:: WHAT THE TASK REQUIRES ::
From the data below, return only the lines from the one with "График 1. Динамика страховых премий" through the one with "La mañana de", exact and inclusive, with pictures left out.
BEGIN RECORD EXCERPTS
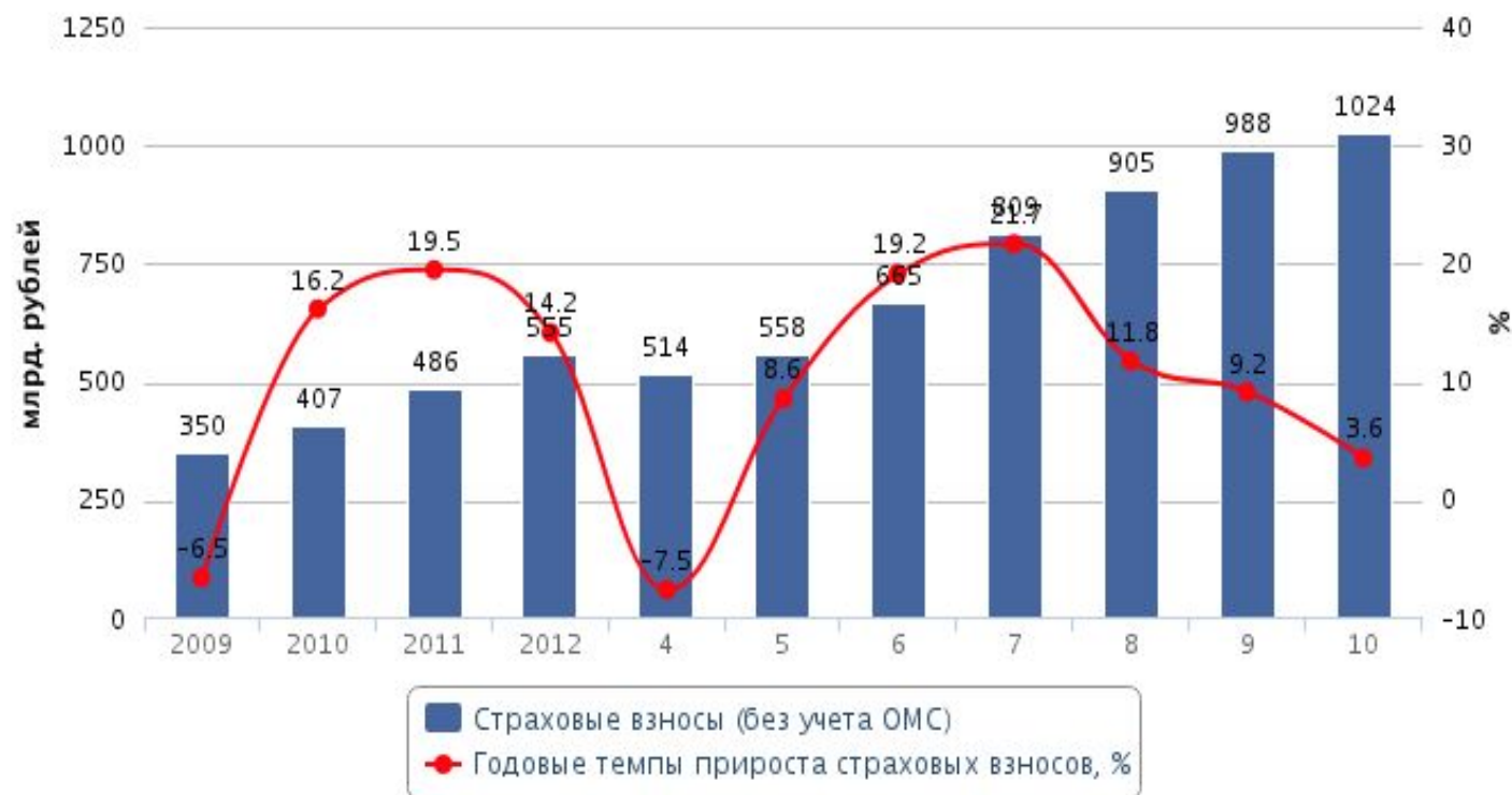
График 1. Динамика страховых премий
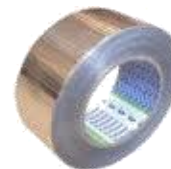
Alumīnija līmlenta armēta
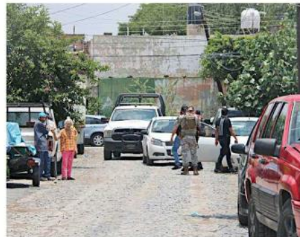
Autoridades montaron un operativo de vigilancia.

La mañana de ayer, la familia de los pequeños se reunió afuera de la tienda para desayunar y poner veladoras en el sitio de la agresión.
END RECORD EXCERPTS
BEGIN RECORD EXCERPTS
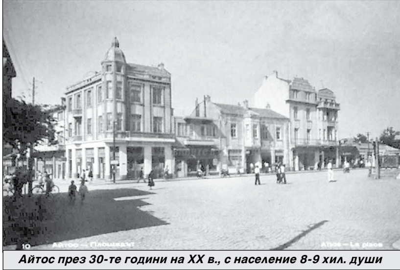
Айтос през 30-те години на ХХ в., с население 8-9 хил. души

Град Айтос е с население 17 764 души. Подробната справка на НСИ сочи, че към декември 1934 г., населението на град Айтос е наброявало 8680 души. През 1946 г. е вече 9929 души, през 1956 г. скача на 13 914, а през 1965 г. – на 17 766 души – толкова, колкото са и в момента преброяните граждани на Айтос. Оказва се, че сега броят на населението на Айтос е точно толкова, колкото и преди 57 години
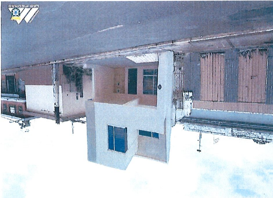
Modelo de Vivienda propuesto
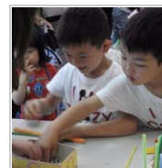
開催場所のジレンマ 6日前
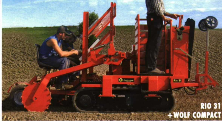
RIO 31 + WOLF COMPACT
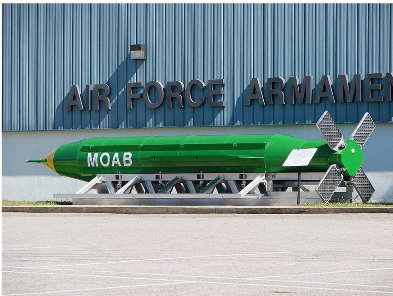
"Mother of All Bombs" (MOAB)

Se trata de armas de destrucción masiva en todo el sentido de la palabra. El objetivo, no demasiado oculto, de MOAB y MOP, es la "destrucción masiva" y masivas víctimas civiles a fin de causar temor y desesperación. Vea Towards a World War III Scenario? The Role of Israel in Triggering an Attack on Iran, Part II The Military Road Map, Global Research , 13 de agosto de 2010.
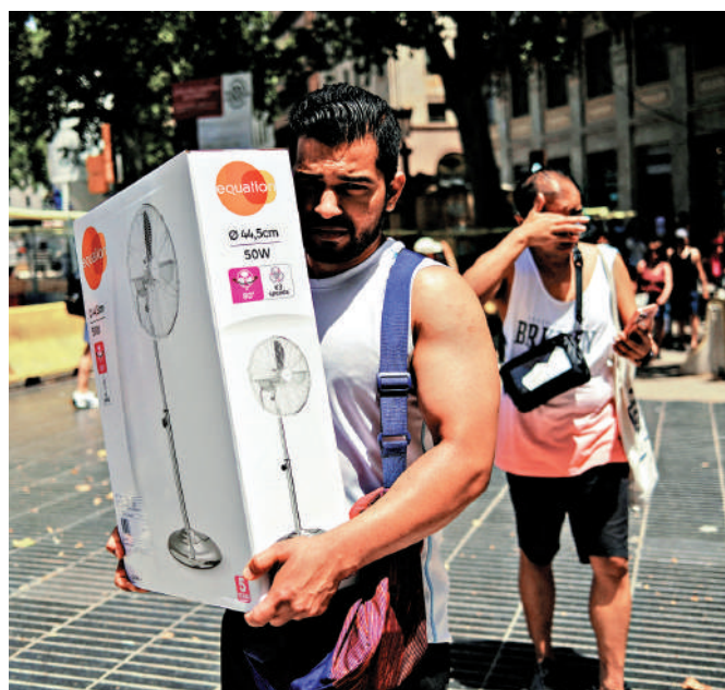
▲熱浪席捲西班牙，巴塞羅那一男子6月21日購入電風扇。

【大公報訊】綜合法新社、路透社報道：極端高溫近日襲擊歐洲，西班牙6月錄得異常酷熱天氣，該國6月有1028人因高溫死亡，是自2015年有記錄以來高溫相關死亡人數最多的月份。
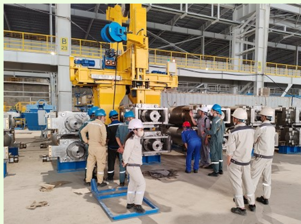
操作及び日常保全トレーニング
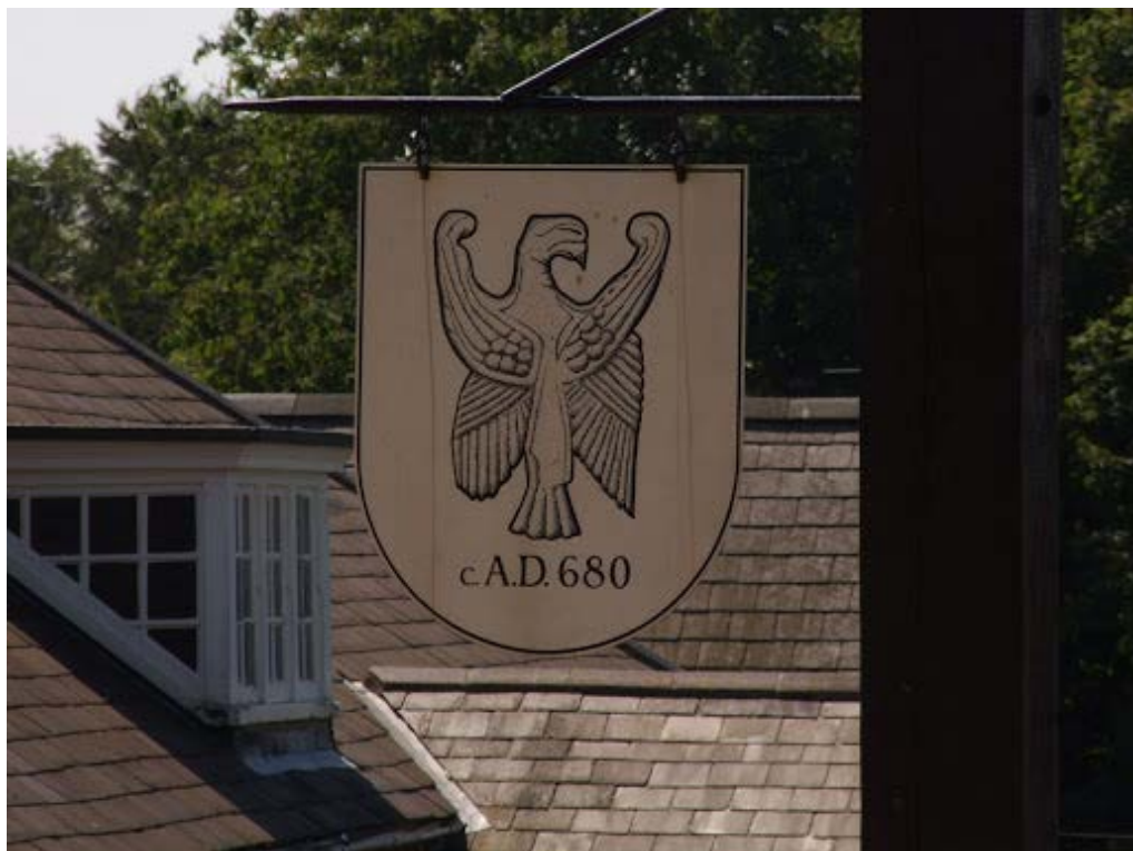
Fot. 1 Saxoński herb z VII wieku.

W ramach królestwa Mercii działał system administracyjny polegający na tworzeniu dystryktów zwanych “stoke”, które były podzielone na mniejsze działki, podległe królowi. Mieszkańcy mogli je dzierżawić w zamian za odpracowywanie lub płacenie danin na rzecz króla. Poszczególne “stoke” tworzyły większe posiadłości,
END RECORD EXCERPTS
BEGIN RECORD EXCERPTS
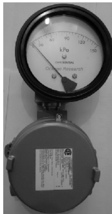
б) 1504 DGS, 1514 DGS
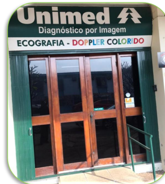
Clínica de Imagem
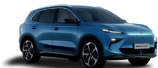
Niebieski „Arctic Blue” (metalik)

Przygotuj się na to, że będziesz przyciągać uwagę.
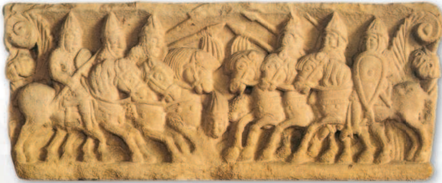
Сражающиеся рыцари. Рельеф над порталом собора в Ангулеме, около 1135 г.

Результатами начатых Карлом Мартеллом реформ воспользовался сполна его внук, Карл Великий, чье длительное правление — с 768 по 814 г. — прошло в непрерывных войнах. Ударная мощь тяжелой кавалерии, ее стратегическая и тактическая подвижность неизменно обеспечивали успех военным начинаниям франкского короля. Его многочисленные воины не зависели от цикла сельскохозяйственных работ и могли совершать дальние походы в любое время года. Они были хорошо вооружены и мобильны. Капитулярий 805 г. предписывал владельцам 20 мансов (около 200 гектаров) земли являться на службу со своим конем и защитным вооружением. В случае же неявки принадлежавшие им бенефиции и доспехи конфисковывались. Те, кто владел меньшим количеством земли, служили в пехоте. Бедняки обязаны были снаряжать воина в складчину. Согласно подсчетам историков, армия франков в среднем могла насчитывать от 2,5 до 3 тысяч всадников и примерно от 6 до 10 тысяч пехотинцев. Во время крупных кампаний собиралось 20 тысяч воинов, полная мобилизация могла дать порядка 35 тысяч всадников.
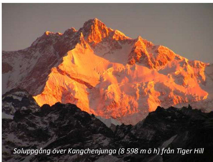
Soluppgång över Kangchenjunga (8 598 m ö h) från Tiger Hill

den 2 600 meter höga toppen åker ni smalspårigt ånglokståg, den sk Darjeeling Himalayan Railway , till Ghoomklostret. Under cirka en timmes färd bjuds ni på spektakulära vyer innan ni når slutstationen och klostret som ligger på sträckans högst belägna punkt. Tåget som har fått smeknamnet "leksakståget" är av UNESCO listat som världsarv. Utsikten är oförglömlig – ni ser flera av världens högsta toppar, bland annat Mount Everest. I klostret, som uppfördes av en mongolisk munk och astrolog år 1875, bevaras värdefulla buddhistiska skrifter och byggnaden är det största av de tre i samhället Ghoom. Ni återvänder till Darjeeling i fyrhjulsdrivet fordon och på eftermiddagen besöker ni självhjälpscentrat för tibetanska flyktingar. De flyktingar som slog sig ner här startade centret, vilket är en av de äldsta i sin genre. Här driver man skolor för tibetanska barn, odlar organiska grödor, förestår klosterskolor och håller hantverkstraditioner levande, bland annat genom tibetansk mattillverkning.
END RECORD EXCERPTS
:: WRITTEN ANSWER ::
График 1. Динамика страховых премий
Alumīnija līmlenta armēta
Autoridades montaron un operativo de vigilancia.

La mañana de ayer, la familia de los pequeños se reunió afuera de la tienda para desayunar y poner veladoras en el sitio de la agresión.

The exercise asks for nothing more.